We will use Game 2 of the 2012 World Series as our example data. The ratings are our ‘response’. We will use the starts of commercial breaks as the events.

A plot of twitter activity about the World Series, with indications for the start of each commercial break

The events

In order to do an event triggered average we need some events to be our triggers. To begin with, we’ll use the starts of each commercial break as our events. We’ll take a window around each event—7 minutes before and after. Plotted below is an example of such a window.

A fourteen-minute window centered on a commercial break

One window isn’t very interesting. We really ought to be considering a whole bunch; otherwise why bother averaging?

Let’s add a few more.

Four fourteen-minute windows, each centered on a commercial break

Now that we have a sense of where the observation windows are coming from, we can look at all the observations separately, and also in the average.

Averaging the observations, centered at the point of stimulus (the commercial break)

Since this curve is formed by an average of many windows, it represents the general case of what happens surrounding a commercial break.

We can make some observations from it. The steep drop between -1 and 0 minutes before start of commercials indicates that most viewers who will leave during a commercial leave right away. There is a smaller drop between 0 and 1 minutes after start of commercial, and then viewership begins to recover. By the 5 minute mark, the viewership is back to its previous level.

The pale blue band around the curve represents the standard error of the mean.

Significance

How can we be sure that this averaged curve has any significance, that it really has any relationship to the events that triggered it?

One way is the error band. We have a pretty narrow error band in the plot above. However, if the error band had been much larger than the scale of the changes in the average curve, the changes would not have been very important.

But we can do better. We want to know if this choice of event (commercial starts) had a significant effect on event average. So we can compare it to a control group of randomly positioned events.
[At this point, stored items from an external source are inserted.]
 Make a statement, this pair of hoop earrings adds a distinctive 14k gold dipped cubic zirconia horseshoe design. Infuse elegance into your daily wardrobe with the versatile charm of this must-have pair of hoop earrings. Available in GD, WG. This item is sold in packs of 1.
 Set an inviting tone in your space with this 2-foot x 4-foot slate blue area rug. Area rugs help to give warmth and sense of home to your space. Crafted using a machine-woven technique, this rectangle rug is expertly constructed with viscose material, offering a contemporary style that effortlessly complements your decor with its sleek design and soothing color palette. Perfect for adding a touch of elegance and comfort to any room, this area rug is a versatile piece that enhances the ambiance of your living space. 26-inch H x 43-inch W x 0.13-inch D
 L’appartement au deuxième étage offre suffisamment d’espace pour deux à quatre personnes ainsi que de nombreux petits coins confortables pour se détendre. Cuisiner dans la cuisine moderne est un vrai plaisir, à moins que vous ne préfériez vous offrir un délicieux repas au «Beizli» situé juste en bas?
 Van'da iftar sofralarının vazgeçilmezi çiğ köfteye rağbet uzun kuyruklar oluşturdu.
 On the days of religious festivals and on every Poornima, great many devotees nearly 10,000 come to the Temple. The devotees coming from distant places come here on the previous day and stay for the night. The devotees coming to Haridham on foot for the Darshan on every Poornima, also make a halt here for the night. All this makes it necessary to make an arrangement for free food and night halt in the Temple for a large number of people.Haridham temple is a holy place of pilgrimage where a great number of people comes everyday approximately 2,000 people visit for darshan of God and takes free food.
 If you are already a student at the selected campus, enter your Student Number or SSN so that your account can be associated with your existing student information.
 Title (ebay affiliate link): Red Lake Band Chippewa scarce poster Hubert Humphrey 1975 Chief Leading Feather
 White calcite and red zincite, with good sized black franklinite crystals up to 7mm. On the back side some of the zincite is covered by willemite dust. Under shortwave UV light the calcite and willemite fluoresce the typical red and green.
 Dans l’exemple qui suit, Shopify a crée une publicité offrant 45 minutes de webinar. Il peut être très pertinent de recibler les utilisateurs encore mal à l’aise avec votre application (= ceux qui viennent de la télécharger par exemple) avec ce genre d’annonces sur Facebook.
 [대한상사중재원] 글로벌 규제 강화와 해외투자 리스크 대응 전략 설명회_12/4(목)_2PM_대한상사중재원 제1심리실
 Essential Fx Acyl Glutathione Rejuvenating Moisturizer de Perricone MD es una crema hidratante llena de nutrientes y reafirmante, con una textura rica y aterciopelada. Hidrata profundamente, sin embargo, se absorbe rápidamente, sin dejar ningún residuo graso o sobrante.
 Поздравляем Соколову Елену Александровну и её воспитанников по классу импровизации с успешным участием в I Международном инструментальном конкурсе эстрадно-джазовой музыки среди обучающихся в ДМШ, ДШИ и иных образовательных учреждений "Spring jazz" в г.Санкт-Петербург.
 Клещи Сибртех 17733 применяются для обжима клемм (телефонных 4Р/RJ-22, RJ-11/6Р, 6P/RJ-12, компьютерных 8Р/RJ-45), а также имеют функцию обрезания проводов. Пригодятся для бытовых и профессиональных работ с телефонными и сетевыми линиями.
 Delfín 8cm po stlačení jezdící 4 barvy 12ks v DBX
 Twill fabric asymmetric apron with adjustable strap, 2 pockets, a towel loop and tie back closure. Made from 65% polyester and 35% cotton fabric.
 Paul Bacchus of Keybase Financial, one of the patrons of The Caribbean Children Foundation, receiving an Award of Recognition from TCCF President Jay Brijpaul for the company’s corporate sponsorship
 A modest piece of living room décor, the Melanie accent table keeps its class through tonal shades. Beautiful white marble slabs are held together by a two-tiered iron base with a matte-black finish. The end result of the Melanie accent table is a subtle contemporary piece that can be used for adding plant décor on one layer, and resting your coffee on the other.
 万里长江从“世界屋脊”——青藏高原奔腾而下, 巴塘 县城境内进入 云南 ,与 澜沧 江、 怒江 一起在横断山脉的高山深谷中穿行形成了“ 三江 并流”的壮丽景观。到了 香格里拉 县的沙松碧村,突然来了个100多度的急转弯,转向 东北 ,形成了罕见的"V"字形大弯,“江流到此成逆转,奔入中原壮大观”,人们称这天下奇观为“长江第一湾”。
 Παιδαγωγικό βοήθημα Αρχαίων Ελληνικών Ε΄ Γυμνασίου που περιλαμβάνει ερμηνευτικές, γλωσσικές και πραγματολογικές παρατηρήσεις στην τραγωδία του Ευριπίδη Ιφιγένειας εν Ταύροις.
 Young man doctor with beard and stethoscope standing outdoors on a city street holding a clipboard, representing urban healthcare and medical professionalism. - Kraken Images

When we create one of these event triggered average curves using random values as the events we call it the ‘noise curve’. The event triggered average using the actual group of events is significant if it deviates from the noise curve enough to escape the error bands.

Because we might have only a small number of events, we will do a large number of trials, say 100, to ensure that our noise curve is stable.

We choose the same number of random events to construct the noise curve as we have actual events. The random events from a single trial are plotted below as black vertical lines.

the average of fourteen-minute windows, centered at random events. This serves as a control.

Each trial using random experiments produces a guess at the mean. The mean of these guesses gives us the stable noise curve. The standard deviation of the guesses gives the width of the error band above and below the noise curve.

It’s a little hard to tell at this scale, but the noise curve has a slight upward slope. This reflects the fact that the general trend is that the ratings are increasing. In fact, the slope (which is about 30) gives the average ratings increase per minute.

Now we can combine the noise curve with the curve for the commercial breaks to see the size of the effect.

comparing the control and the experiment groups.

Now that we have the noise curve to give us some context, we can see that the viewership has a significant decline prompted by the start of the commercial. Since the distance from the noise curve to the blue curve is about 2.5 times the standard deviation of the noise band, this effect has greater than 99% confidence.

Computing a p-value

Treating the noise curve as our control and assuming equal variance, we can compute a p-value for a particular dip or bump via the following process:

Take the difference between the noise curve and the average ratings curve.
Divide by the standard error of the noise curve to give a z-score.
Use your favorite method to turn the z-score into a p-value (table or equation). I tend to use a 1-tailed test.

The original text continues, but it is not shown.